:: RECORDS SUPPLIED ::

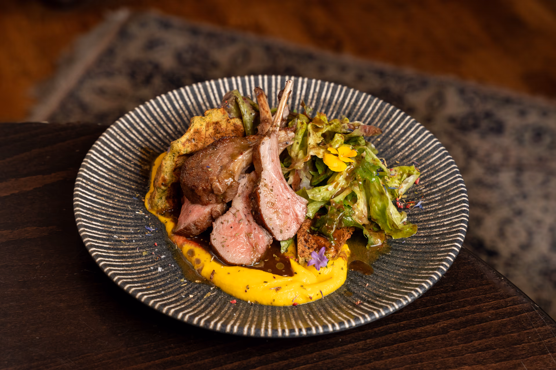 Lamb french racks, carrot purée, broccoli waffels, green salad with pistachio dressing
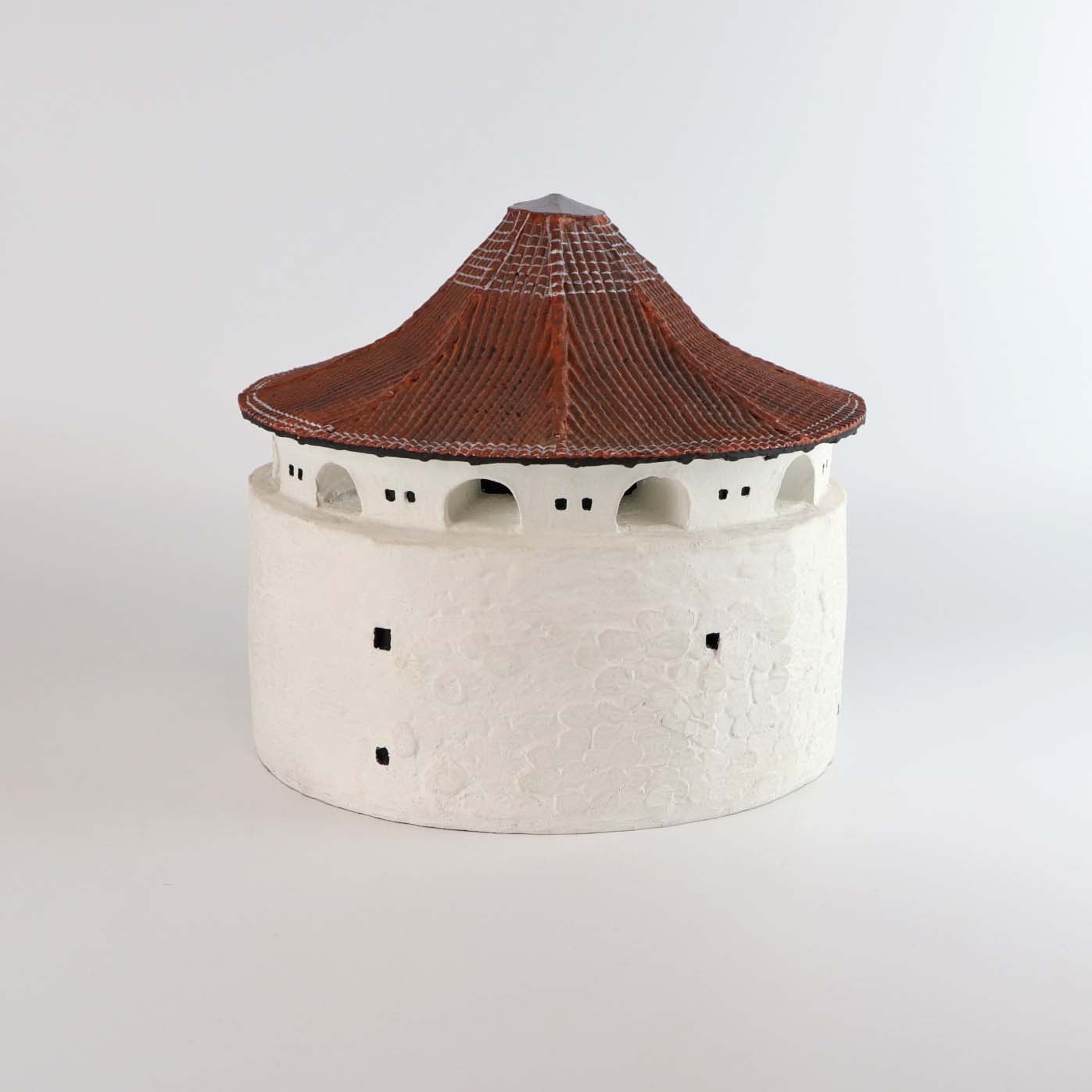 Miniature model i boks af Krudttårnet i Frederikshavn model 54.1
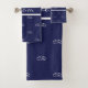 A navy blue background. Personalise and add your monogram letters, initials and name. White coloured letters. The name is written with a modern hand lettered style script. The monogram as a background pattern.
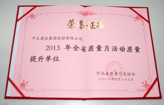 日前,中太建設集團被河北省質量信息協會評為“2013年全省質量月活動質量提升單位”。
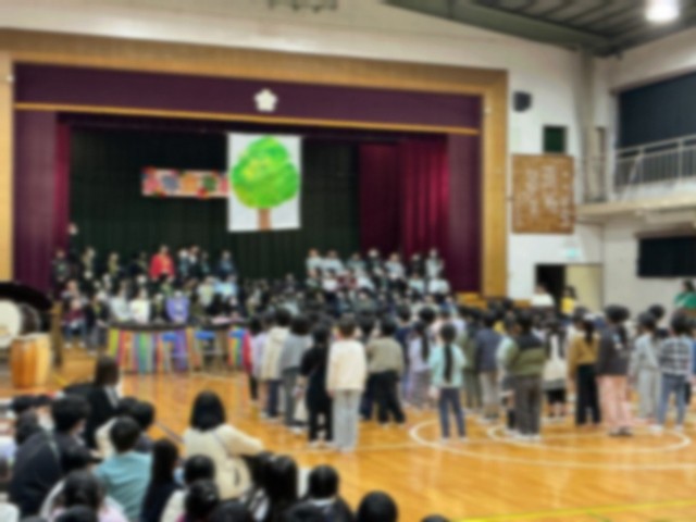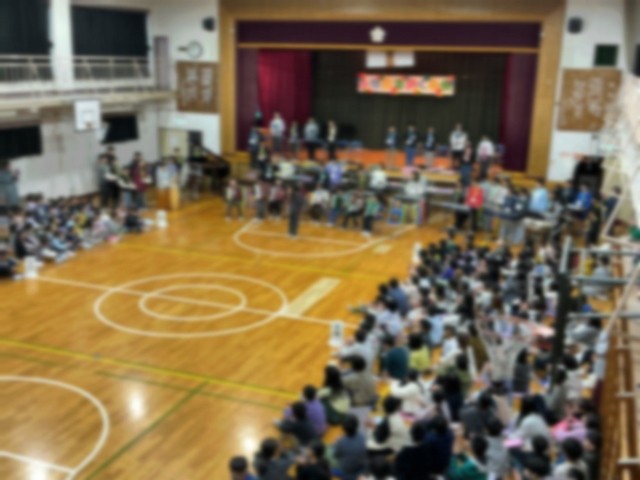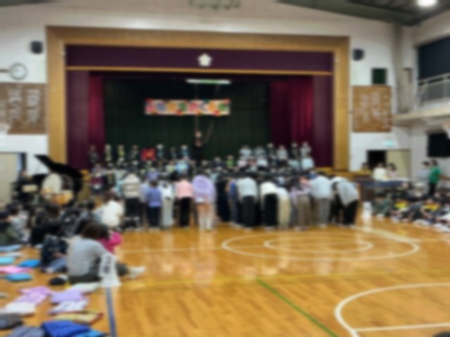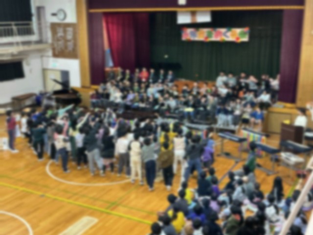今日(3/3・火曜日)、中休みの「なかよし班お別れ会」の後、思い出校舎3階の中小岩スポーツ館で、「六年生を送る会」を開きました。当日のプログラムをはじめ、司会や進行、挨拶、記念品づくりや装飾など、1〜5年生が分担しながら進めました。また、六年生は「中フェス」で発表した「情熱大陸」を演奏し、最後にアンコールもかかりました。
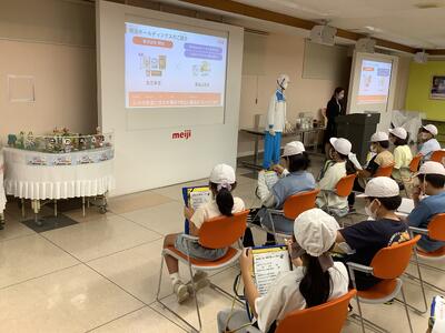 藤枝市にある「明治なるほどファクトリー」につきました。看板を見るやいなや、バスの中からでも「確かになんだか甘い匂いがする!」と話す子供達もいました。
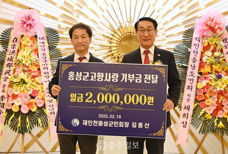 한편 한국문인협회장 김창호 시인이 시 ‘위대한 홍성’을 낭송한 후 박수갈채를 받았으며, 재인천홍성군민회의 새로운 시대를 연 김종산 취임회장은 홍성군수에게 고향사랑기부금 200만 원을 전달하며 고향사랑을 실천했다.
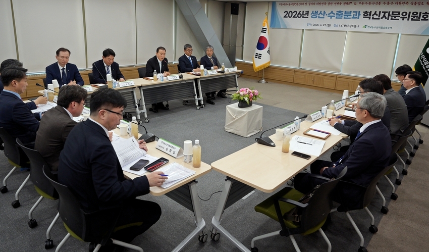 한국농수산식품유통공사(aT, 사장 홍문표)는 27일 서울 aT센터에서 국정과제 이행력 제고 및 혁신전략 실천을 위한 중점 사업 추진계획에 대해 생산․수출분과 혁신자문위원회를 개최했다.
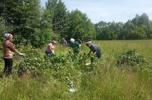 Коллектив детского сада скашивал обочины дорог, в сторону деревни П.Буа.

:::

**EXERCISE AIM**
Please copy exactly the lines from the one containing "한편 한국문인협회장 김창호" through the last line of the records above, both included, and leave out any pictures.

**EXERCISE ANSWER**
 한편 한국문인협회장 김창호 시인이 시 ‘위대한 홍성’을 낭송한 후 박수갈채를 받았으며, 재인천홍성군민회의 새로운 시대를 연 김종산 취임회장은 홍성군수에게 고향사랑기부금 200만 원을 전달하며 고향사랑을 실천했다.
 한국농수산식품유통공사(aT, 사장 홍문표)는 27일 서울 aT센터에서 국정과제 이행력 제고 및 혁신전략 실천을 위한 중점 사업 추진계획에 대해 생산․수출분과 혁신자문위원회를 개최했다.
 Коллектив детского сада скашивал обочины дорог, в сторону деревни П.Буа.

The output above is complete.